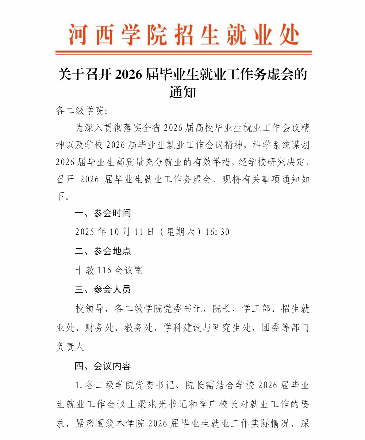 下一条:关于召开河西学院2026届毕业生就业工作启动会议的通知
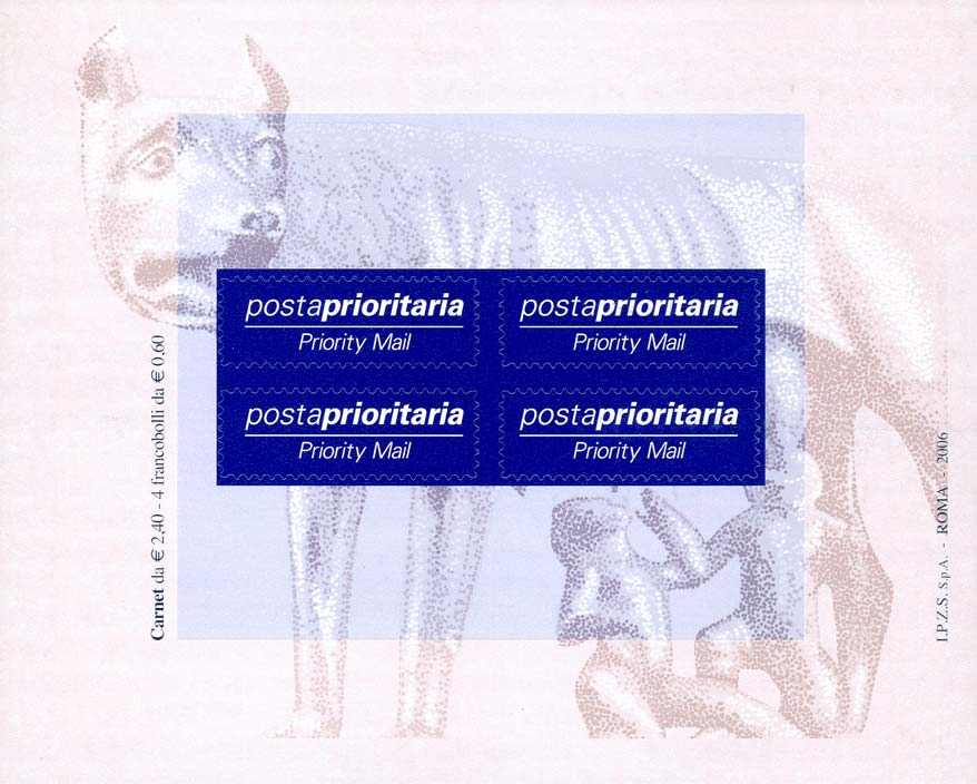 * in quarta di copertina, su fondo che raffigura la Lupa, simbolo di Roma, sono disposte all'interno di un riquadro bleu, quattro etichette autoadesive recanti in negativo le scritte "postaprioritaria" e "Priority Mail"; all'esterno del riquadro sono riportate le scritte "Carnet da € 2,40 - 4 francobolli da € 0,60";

---

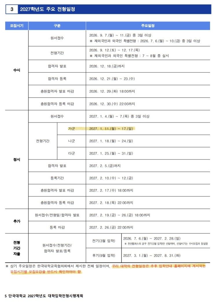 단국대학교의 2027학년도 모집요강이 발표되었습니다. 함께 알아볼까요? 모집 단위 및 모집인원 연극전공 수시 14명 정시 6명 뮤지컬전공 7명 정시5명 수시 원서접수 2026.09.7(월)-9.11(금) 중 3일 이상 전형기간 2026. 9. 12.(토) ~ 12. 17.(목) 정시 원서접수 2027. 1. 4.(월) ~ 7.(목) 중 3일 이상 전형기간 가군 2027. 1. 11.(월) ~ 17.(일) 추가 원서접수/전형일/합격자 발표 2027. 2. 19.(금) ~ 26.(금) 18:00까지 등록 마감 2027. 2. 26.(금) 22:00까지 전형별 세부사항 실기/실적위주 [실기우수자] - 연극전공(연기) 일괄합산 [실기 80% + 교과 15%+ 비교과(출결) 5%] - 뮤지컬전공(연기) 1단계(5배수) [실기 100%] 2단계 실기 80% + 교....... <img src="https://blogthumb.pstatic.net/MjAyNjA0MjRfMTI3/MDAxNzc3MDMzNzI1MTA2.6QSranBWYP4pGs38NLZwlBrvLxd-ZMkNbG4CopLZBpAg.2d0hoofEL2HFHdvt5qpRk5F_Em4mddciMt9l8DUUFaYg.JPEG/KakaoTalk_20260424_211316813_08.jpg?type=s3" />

* **Task prompt**
Going by the data above, the answer is exactly the lines from the one holding "下一条:关于召开河西学院2026届毕业生就业工作启动会议的通知" to the one holding "in quarta di", both kept, with the pictures left out.

* **Response for this exercise**
 下一条:关于召开河西学院2026届毕业生就业工作启动会议的通知
 * in quarta di copertina, su fondo che raffigura la Lupa, simbolo di Roma, sono disposte all'interno di un riquadro bleu, quattro etichette autoadesive recanti in negativo le scritte "postaprioritaria" e "Priority Mail"; all'esterno del riquadro sono riportate le scritte "Carnet da € 2,40 - 4 francobolli da € 0,60";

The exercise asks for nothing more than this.